Episode 2, SUNCAT: Notes from initial chat

Questions about use cases for the data; what the benefits are to end users or to libraries.
Something we have to work on formulating with data in hand. Morag mentions a 2005 document discussing SUNCAT use cases.

One suggested usage is deriving information about the focus and specialisms of libraries, by extending library subject metadata using journal/article subject metadata – so identifying the bent of universities through the holdings of their libraries.

Another immediate usage is linking bibliographic datasets of journal articles, to journal issues and journal information found in SUNCAT. Medline is a useful example of dataset that can be integrated – work on Linked, Open Medline metadata happening through the OpenBiblio project.

SUNCAT holds a record for each institution, its library location, and this could helpfully be linked to the OARJ Linked Data for institutions, and the JISC CETIS PROD work collecting different sources of UK HE/FE information.

Sources in SUNCAT may have an OID which could be re-used as part of a URI. Journals both electronic and hardcopy also (though not always) have ISSNs.
There are restrictions on re-use of data licensed from the ISSN Network, but one can get some of it from other sources – CONSER is a North-America-focused example, with a bit of a scientific bent (thus useful for Medline).

SUNCAT uses OpenURL to search for journal articles and holdings data in institutional libraries. Libraries run an “OpenURL resolver” – often with a bit of proprietary software such as SFX – to map OpenURLs to stuff in their holdings. Would be interesting to find out more about the inside of an OpenURL resolver and how useful a Linked Data rendering of it would be…

Surprised to learn that university libraries often don’t maintain their own subscription database; journals are bought in “bundles” whose contents are shifting, and libraries depend on vendors to sell them back their processed catalogue data.

SUNCAT contains a dataset describing libraries their affiliations and locations, held in a set of text files. This would be a good place to start with a simple Linked Data model that we can link up to the outcome of the previous LDFocus sprint, and then work on connecting up the library holdings data.

Starting a separate notepad for SUNCAT links. Should have done this earlier, been busy about the new release of Unlock and the wrap-up of the Chalice project

Preparing for Episode 2: SUNCAT

We’re preparing to start the second Linked Data Focus sprint next week (from May 16th) – working with the developers from the SUNCAT team, who are bibliographic data specialists.

Our notepad from the first sprint has a lot of links to relevant resources – introductions to RDF, tools in different languages, and descriptions of related work around academic institutions and communications.

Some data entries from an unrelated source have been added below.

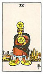 อิทธิพลของไพ่ 4 เหรียญ (Four of Pentacles) คุณจะเครียดหนักกับเงินทอง เพราะหมุนเงินไม่ทันรายจ่ายมากจนรับไม่ไหว โดยเฉพาะคนที่มีหนี้สิน จะถูกทวงถามเป็นอย่างหนัก ส่วนความรักปัญหาจุกจิกบางเรื่อง จะทำให้ปวดหัวบ่อยๆ เพราะว่ารักเริ่มมีรอยร้าว ด้านการงานสำหรับคนที่ทำงานประจำ เหมือนหยุดนิ่งไม่ค่อยหวือหวา ทำให้เซ็งสุดๆ และคนทีคิดเปลี่ยนย้ายงานมิใช่โอกาสที่ดี และงานอิสระช่วงนี้จะมีปัญหาเรื่องเงินหมุนเวียน ทำให้ธุรกิจหยุดชะงักไป ควรเสริมดวงชะตาด้วยการทำบุญบริจาคโลงศพ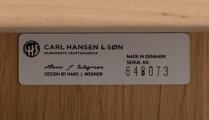 Dining table of solid oak with extension, two extra leaves og black lacquered wood. Model CH 337. Manufactured and marked by Carl Hansen & Søn. H. 72 cm. L. 140/260 cm. W. 115 cm. (3)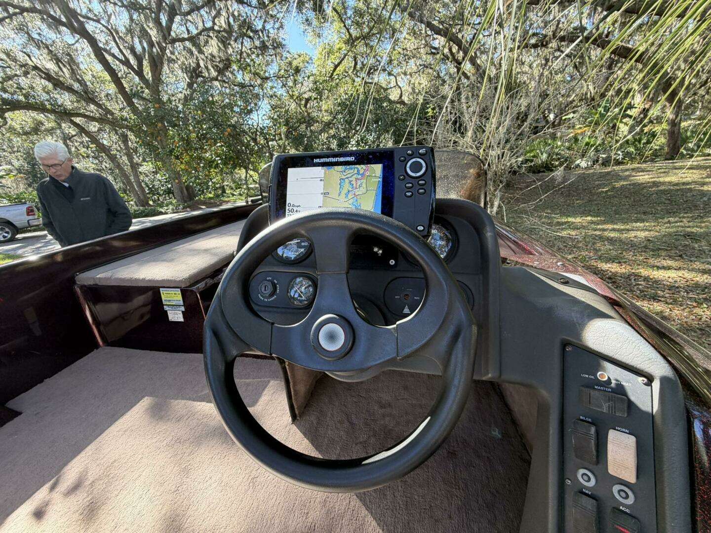 Humminbird GPS, Humminbird color fish finder, trolling motor charging system, cranking battery charger, and

This presentation by Jeni Tennison from the Pelagios workshop is also worth looking at for sensible advice about taking an existing data model into a Linked Data form. Ian took this sort of approach for the Open Access Repository Junction work – working through the different objects in a relational database model, thinking about how to decorate them with common RDF elements, then creating a vocabulary for the missing pieces. Some of the same questions about publishing and structuring Linked Data should come up; and in the middle of the sprint we’ll hold another Linked Data Learn-in at EDINA.

SUNCAT should have a fair bit more in common with existing Linked Data projects – particularly the JISC-supported OpenBiblio – and we’ll try to make links between SUNCAT-listed publications and some of their metadata. If we can get as far as then linking through to pre-prints in the institutional repositories found in OARJ, then I’ll be entirely satisfied.